> _EXERCISE DESCRIPTION_: Print, from the listing below, the lines starting at the line containing "參觀體驗結束后,學生在階梯教" and ending at the line containing "1000余碗臘八粥、600多", exactly as they stand, and print nothing else.

> _INFORMATION SUPPLIED_:
════════════════

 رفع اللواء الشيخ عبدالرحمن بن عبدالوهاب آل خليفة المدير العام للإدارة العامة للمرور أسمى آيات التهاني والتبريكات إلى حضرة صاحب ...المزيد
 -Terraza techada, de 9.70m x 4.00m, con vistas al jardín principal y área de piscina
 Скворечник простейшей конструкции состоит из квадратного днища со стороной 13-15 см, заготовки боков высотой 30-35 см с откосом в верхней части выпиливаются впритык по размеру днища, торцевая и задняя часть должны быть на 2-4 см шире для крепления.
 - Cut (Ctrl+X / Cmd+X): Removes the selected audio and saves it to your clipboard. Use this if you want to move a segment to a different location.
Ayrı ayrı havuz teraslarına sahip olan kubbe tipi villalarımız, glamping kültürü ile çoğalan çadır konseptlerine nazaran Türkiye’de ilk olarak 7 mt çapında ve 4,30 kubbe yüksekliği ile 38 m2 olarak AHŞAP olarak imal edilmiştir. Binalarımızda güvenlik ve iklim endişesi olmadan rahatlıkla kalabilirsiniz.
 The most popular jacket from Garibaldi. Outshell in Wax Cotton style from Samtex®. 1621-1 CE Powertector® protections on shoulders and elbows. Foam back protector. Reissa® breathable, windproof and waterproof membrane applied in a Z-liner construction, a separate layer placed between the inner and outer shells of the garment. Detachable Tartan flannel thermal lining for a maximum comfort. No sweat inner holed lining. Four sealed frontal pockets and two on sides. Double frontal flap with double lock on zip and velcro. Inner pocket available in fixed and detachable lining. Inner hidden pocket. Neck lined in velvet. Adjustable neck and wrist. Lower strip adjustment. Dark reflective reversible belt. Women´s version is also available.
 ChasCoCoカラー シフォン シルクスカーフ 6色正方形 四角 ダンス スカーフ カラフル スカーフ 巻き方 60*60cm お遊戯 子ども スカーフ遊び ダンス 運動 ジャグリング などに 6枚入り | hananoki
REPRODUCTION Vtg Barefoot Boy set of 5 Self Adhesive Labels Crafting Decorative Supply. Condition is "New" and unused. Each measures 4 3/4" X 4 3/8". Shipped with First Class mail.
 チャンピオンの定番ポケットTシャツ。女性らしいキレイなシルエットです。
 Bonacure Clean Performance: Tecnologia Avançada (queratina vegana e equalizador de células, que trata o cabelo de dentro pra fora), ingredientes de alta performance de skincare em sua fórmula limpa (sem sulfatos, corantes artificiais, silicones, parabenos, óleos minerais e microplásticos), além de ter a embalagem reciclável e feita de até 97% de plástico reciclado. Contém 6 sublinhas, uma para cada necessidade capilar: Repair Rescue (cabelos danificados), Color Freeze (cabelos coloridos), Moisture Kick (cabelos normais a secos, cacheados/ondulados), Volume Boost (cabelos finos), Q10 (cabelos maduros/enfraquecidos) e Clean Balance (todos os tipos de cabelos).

════════════════

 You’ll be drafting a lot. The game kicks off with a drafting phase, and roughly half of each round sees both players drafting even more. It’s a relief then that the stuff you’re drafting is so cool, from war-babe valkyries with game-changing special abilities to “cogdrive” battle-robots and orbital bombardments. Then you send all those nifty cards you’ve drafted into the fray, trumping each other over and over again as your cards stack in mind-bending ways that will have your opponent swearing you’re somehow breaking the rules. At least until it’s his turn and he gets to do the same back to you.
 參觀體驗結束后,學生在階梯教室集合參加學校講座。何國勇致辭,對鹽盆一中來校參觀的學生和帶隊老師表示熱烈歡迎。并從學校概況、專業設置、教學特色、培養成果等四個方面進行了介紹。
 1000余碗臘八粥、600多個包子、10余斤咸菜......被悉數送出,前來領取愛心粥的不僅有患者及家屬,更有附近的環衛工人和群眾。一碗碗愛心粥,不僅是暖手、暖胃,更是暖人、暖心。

════════════════

> _SOLVED PROBLEM_:
 參觀體驗結束后,學生在階梯教室集合參加學校講座。何國勇致辭,對鹽盆一中來校參觀的學生和帶隊老師表示熱烈歡迎。并從學校概況、專業設置、教學特色、培養成果等四個方面進行了介紹。
 1000余碗臘八粥、600多個包子、10余斤咸菜......被悉數送出,前來領取愛心粥的不僅有患者及家屬,更有附近的環衛工人和群眾。一碗碗愛心粥,不僅是暖手、暖胃,更是暖人、暖心。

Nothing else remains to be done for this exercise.